Word Sense Linking: Disambiguating Outside the Sandbox
Model Description
We introduce the task of Word Sense Linking (WSL), which focuses on accurately mapping spans of text to their most appropriate senses using a reference inventory. The Word Sense Linking model is designed to identify and disambiguate spans of text to their most suitable senses from a reference inventory. The annotations are provided as sense keys from WordNet, a large lexical database of English.
Installation
Installation from PyPI:
git clone https://github.com/Babelscape/WSL
cd WSL
pip install -r requirements.txt
Usage
WSL is composed of two main components: a retriever and a reader.
The retriever is responsible for retrieving relevant senses from a senses inventory (e.g WordNet),
while the reader is responsible for extracting spans from the input text and link them to the retrieved documents.
WSL can be used with the
from_pretrained
method to load a pre-trained pipeline.
from wsl import WSL
from wsl.inference.data.objects import WSLOutput
wsl_model = WSL.from_pretrained("Babelscape/wsl-base")
wsl_out: WSLOutput = wsl_model("Bus drivers drive busses for a living.")
WSLOutput(
text='Bus drivers drive busses for a living.',
tokens=['Bus', 'drivers', 'drive', 'busses', 'for', 'a', 'living', '.'],
id=0,
spans=[
Span(start=0, end=11, label='bus driver: someone who drives a bus', text='Bus drivers'),
Span(start=12, end=17, label='drive: operate or control a vehicle', text='drive'),
Span(start=18, end=24, label='bus: a vehicle carrying many passengers; used for public transport', text='busses'),
Span(start=31, end=37, label='living: the financial means whereby one lives', text='living')
],
candidates=Candidates(
candidates=[
{"text": "bus driver: someone who drives a bus", "id": "bus_driver%1:18:00::", "metadata": {}},
{"text": "driver: the operator of a motor vehicle", "id": "driver%1:18:00::", "metadata": {}},
{"text": "driver: someone who drives animals that pull a vehicle", "id": "driver%1:18:02::", "metadata": {}},
{"text": "bus: a vehicle carrying many passengers; used for public transport", "id": "bus%1:06:00::", "metadata": {}},
{"text": "living: the financial means whereby one lives", "id": "living%1:26:00::", "metadata": {}}
]
),
@inproceedings{bejgu-etal-2024-wsl,
title = "Word Sense Linking: Disambiguating Outside the Sandbox",
author = "Bejgu, Andrei Stefan and Barba, Edoardo and Procopio, Luigi and Fern{\'a}ndez-Castro, Alberte and Navigli, Roberto",
booktitle = "Findings of the Association for Computational Linguistics: ACL 2024",
month = aug,
year = "2024",
address = "Bangkok, Thailand",
publisher = "Association for Computational Linguistics",
}
wsl-base huggingface.co is an AI model on huggingface.co that provides wsl-base's model effect (), which can be used instantly with this Babelscape wsl-base model. huggingface.co supports a free trial of the wsl-base model, and also provides paid use of the wsl-base. Support call wsl-base model through api, including Node.js, Python, http.

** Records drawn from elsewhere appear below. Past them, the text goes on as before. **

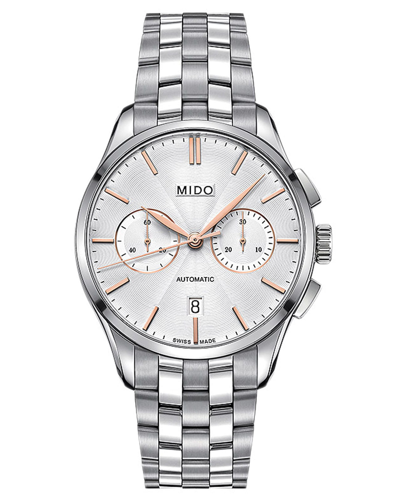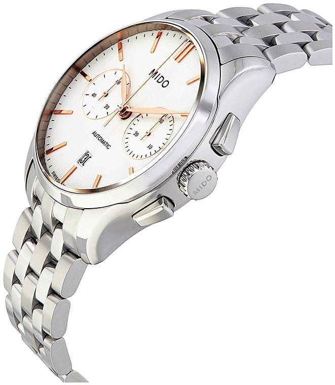 Мужские швейцарские механические часы-хронографХронографФункция позволяет измерять отрезки времени с особой точностью: часы, минуты, секунды. Верным признаком хронографа является наличие на циферблате 3 дополнительных окошек-счётчиков. Mido Belluna Sunray M024.427.11.031.00, оснащенные механизмом Caliber 60 часы Belluna Chronograph со стрелками и часовыми метками с PVD-покрытиемPVDУльтратонкое покрытие наносится в технике вакуумного напыления, сочетает в себе нитрид титана особой прочности со слоем золота или оксида хрома. Несёт в себе декоративную или защитную функцию. цвета розового золота, прямоугольными кнопками. Посредством исключительно сложной технологии, на компоненты часов наносится PVDPVDУльтратонкое покрытие наносится в технике вакуумного напыления, сочетает в себе нитрид титана особой прочности со слоем золота или оксида хрома. Несёт в себе декоративную или защитную функцию. покрытие, которое обеспечивает длительную защиту металла от коррозии.
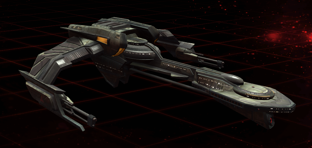 The Negh'Var class is obtained at the Brigadier General rank. It continues as its predecessors did in terms of the increased size and crew compliment. In comparison to the Rear Admiral Federation Cruisers, it has 2.5x to 3.2x the crew compliment, better turn rates and can load cannons, and has the same hull and shield strength. It is one of few vessels in the Klingon Defense Force that has eight weapon slots. It was first known to the Federation in 2372 during a skirmish with Deep Space 9. The Negh'var is an imposing vessel with broad, fixed wings carrying twin warp nacelles. Similar to the Vor'cha class, the Negh'Var has a large forked forward section and weapons array.
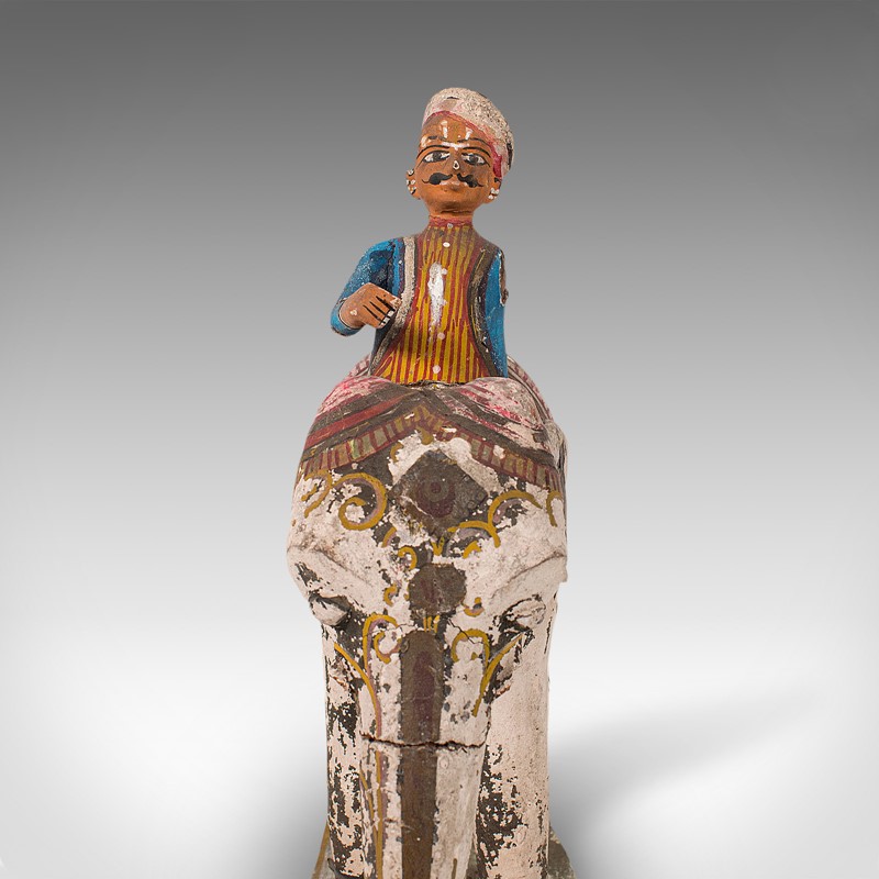 This is a super antique decorative elephant and rider, with great colours and a loveable patina that is testament to many decades of inquisitive handling and an obvious compulsion to take it in the hand and enjoy it. Delivered ready to delight all those who encounter it.
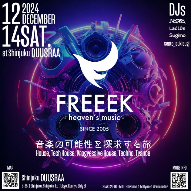FREEEK - heaven's music は、新譜を中心としたハウスミュージックを軸に、ダークで深いサウンドから美しいメロディアスな楽曲まで、幅広い選曲で一晩中楽しめるパーティーです。
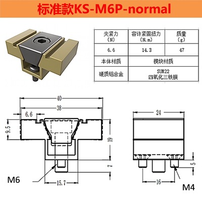 • M6P 알루미늄 측면 고정 클립(나사 포함)
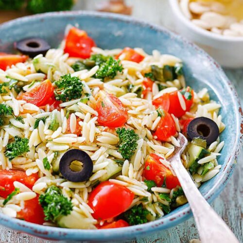 Step six rest and serve Let the salad sit for ten minutes so flavors settle. Spoon into a wide dish and serve. This kritharaki pasta salad with feta travels well and plates clean.
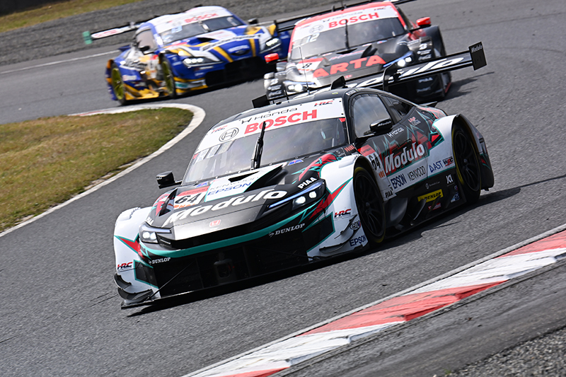 決勝日も前日に続き快晴で、汗ばむほどの陽気となった。決勝レースは82周回で争われる。Modulo Nakajima Racingのスタートドライバーを担当するのは大草。大草は12番グリッドからスタートを切り、ポジションキープでオープニングラップを終える。その後、大草は12、13番手争いを繰り広げつつ苦しい周回をこなし、13番手を走行していた29周目にピットインをしてフラガに交代する。ミニマムの周回で交代したためロングスティントとなったフラガは冷静に周回をしていく。14番手を走行していたが、1台後退したマシンがあり13番手に。フラガは初めてのGT500のレースとなったが、落ち着いた走りで自分のスティントを走り切り13位フィニッシュとなった。
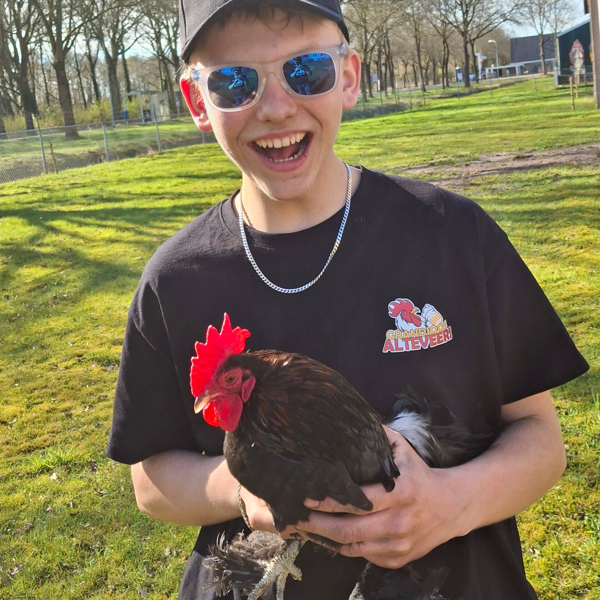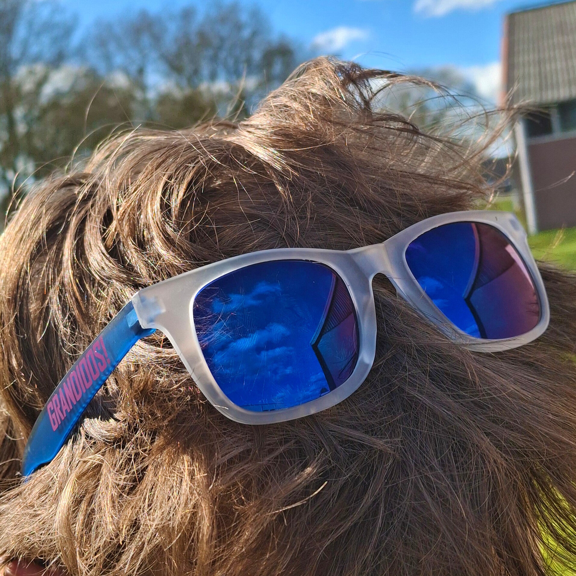 Blauwe zonnebril met grijze accenten en het Grandioos logo gedrukt in het roze. Voor de ultieme bescherming tegen de zon! Let op: beschermt niet tegen stoeptegels en andere vliegende objecten. Wel tegen het pikken van een haan.
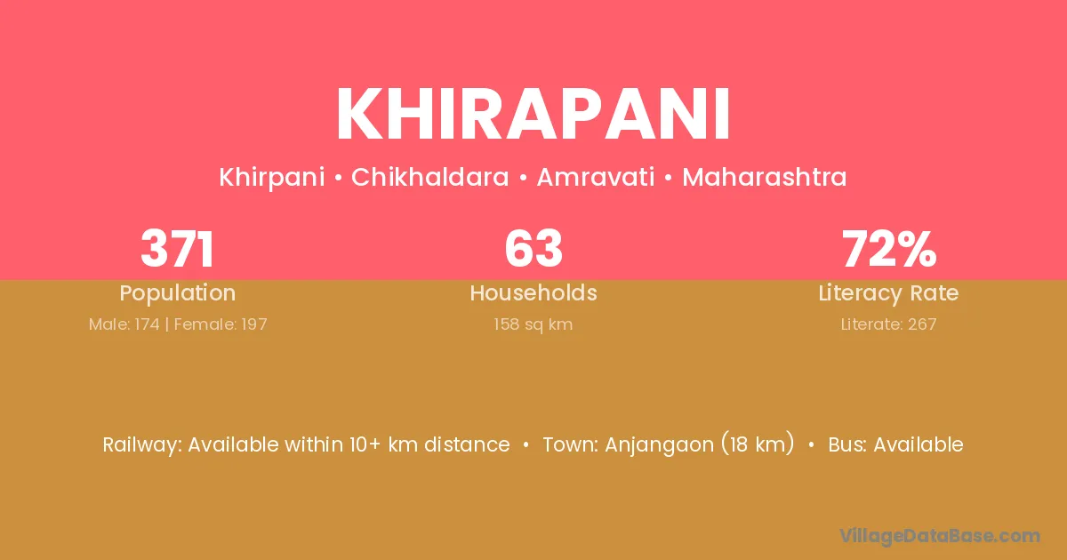 Anjangaon (18 km) is the nearest town to Khirapani village for major economic activities and is located approximately 18 km away.
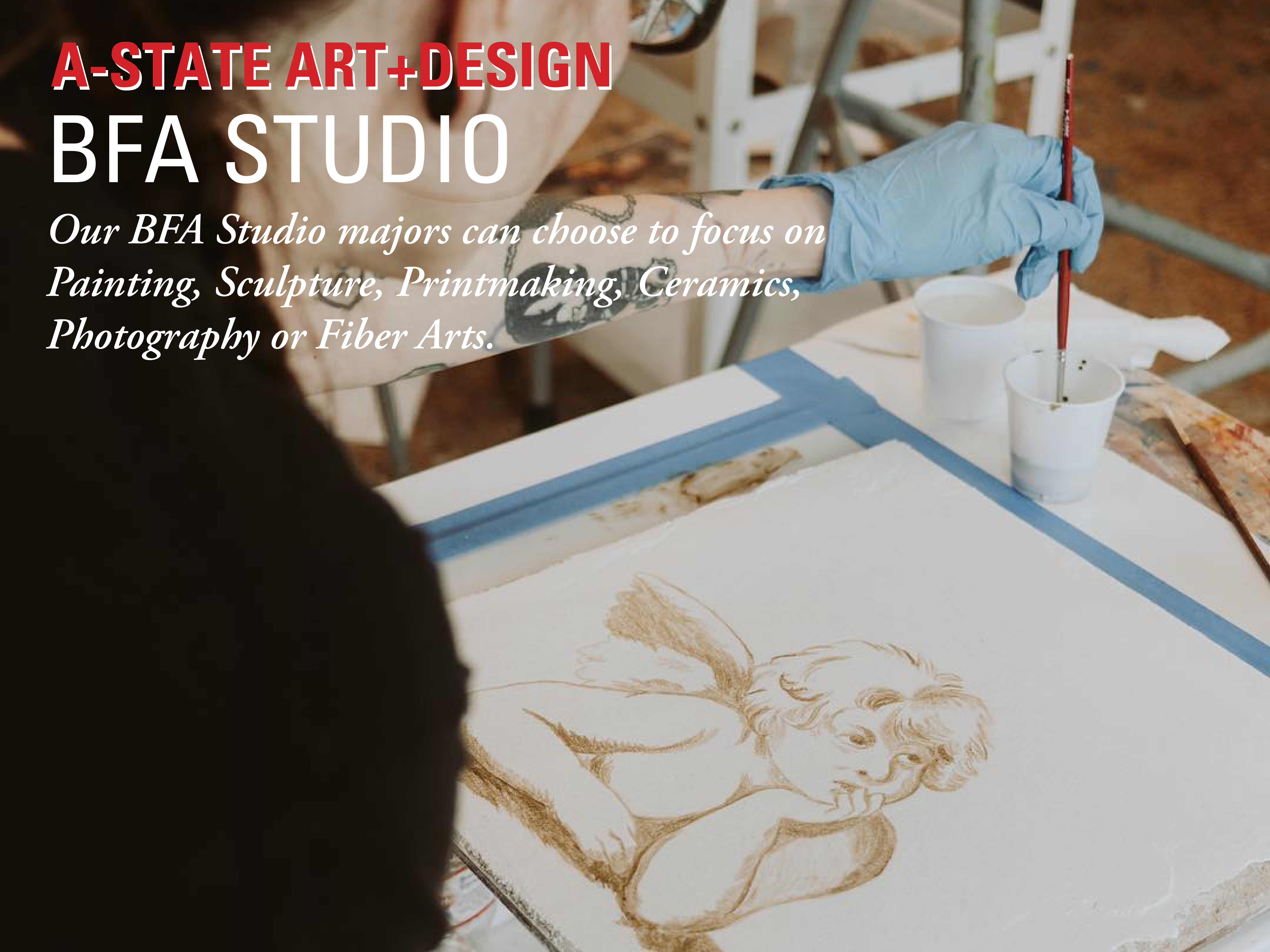 The Department of Art + Design is a dynamic multidisciplinary community for those serious about creative practice, teaching, and research. With a grounding in both tradition and contemporary culture, our faculty and students work across a diverse range of media, including photography, graphic design, fibers, printmaking, ceramics, art history, painting, metalsmithing, sculpture, game design, and VR. Throughout their time in our department, students learn technical skills, new technologies, and design processes from professionally active faculty.
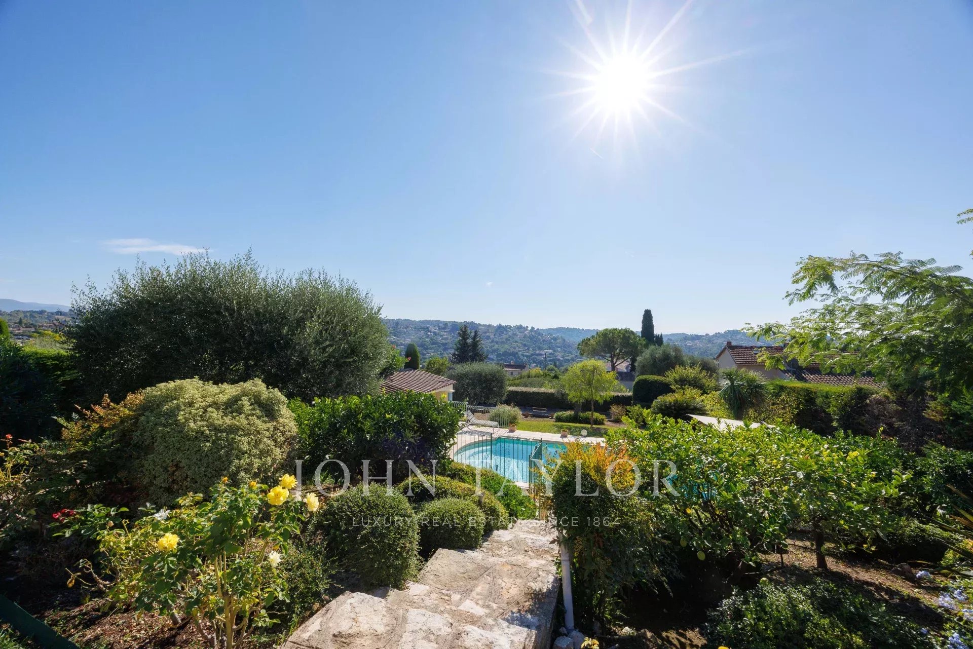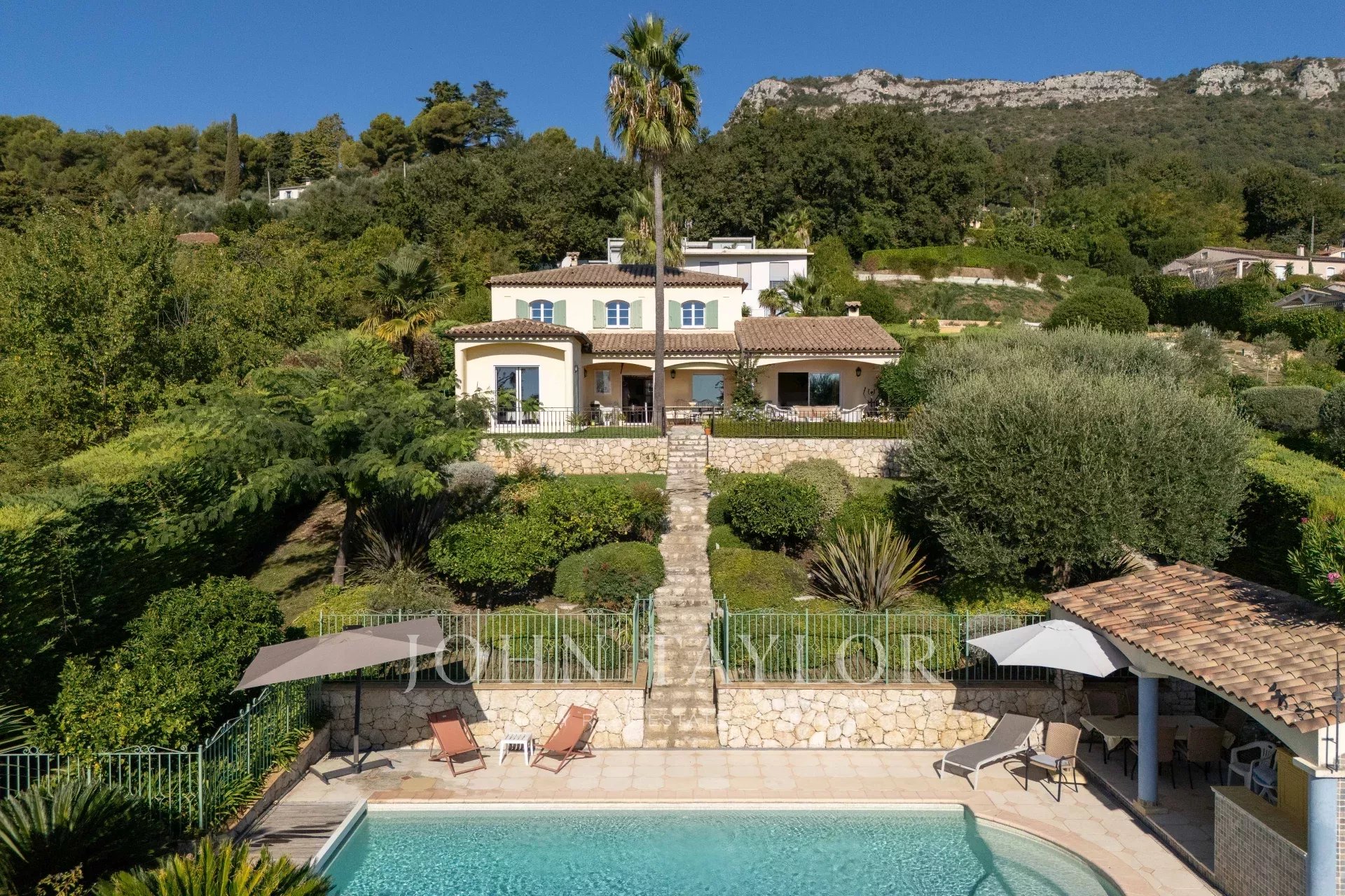 Located in a gated estate within a quiet and residential neighborhood, this charming villa combines absolute tranquility with an exceptional setting. It offers complete privacy and panoramic views of the surrounding hills stretching all the way to the sea. Set on a 2,036 sq.m southeast-facing plot, the house of approximately 175 sq.m of living space features four bedrooms, three bathrooms, an office, a laundry room, a garage, a covered parking area, and a swimming pool.

wsl-base huggingface.co is an online trial and call api platform, which integrates wsl-base's modeling effects, including api services, and provides a free online trial of wsl-base, you can try wsl-base online for free by clicking the link below.
Babelscape wsl-base online free url in huggingface.co:
wsl-base is an open source model from GitHub that offers a free installation service, and any user can find wsl-base on GitHub to install. At the same time, huggingface.co provides the effect of wsl-base install, users can directly use wsl-base installed effect in huggingface.co for debugging and trial. It also supports api for free installation.